Dalam diam Viar memperhatikan Diana yang duduk tepat di depannya, Titi merasa ada yang memperhatikan dari belakang seketika itu menoleh kebelakang.
"Dia ngeliatin siapa ya? "
Titi sempat salah tingkah melihat Viar yang menatap intens ke depan, ia merasa Viar menatapnya.
"Apa dia melihatku? "
Tanya Titi dalam hati lalu ia menoleh kepada Diana.

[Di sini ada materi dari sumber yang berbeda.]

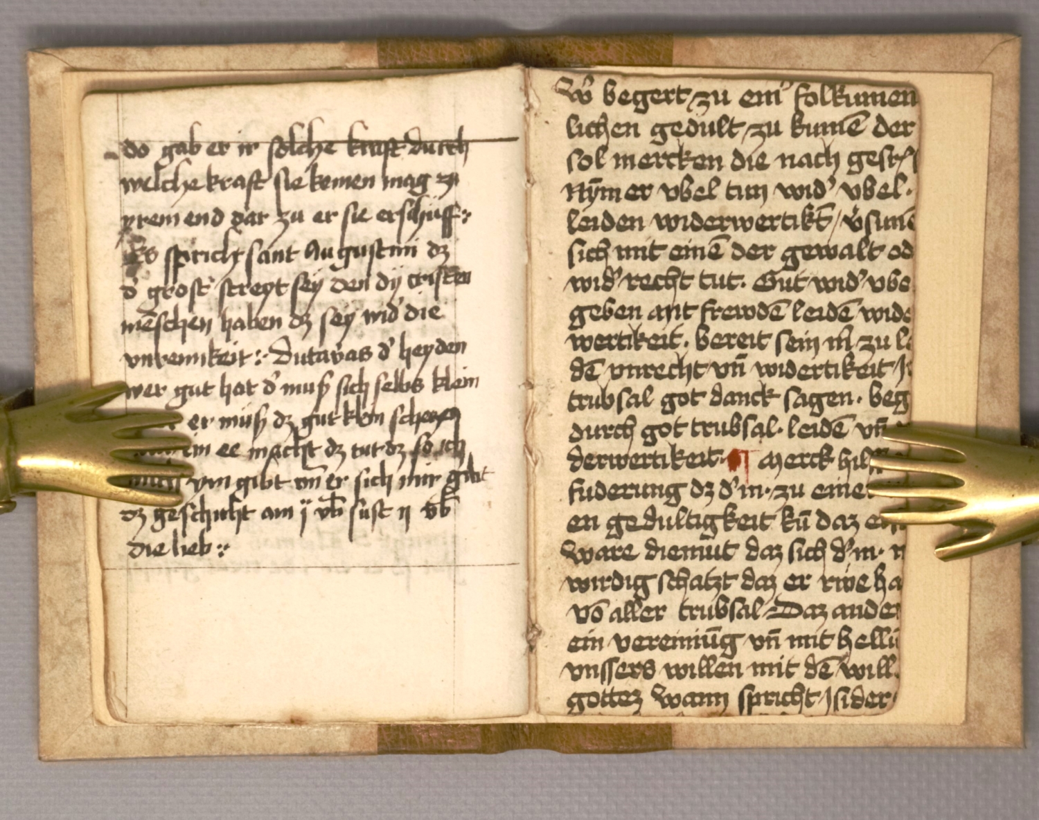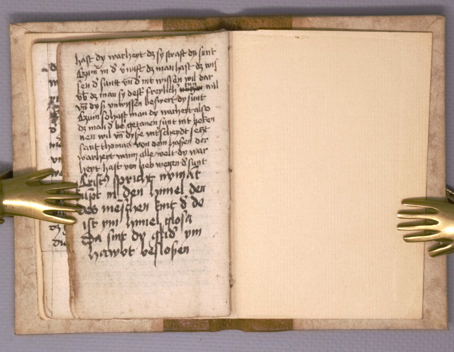 Muleysen, Johannes, Friedrich Stromer und Johannes Diemar. Nürnberger Predigten, Fragment einer Handschrift aus dem Dominikanerinnenkloster St. Katharina in Nürnberg, entnommen aus Hs. 114 der Sammlung Gerhard Eis. Das Fragment befand sich dort hinter Bl. 142. Deutsche Handschrift auf Papier, 22 Bl. Bastarda von mehreren Händen (Nürnberger Dominikanerinnen). Schriftraum und Zeilenzahl wechselnd. Format: 10 x 7 cm. Gut erhalten. Modernes Halbleder. Nürnberg, Dominikanerkloster St. Katharina, 1478-1492.

"Na coba kamu lihat kebelakang,"
Diana melihat kebelakang ternyata di belakang dia ada santri baru tersebut.
"Hai,"
Viar menyapa Diana sambil tersenyum manis.
"Hai juga,"
Ucap Diana dan membalas senyum yang tidak kalah manis, saat itu Viar terpaku oleh senyum manis tersebut.
"Nama kamu siapa?"
Viar menjulurkan tangannya kepada Diana.
"Maaf aku sudah wudhu, namaku Diana panggil saja Nana,"
Ucapnya sambil mengatupkan kedua tangannya.
"Salam kenal Na,"
Viar menarik kembali tangannya ia lalu menatap ke arah Titi yang melihatnya sedari tadi.
"Nama kamu siapa?"
Tanyanya kepada Titi
"Titi."
Ucap Titi dengan malu-malu dan Viar hanya menganggukkan kepalanya.
Semua santri memulai aktivitasnya, ada yang menghafal surat-surat pendek beserta artinya, ada pula yang menunggu giliran untuk mengaji sesuai paket.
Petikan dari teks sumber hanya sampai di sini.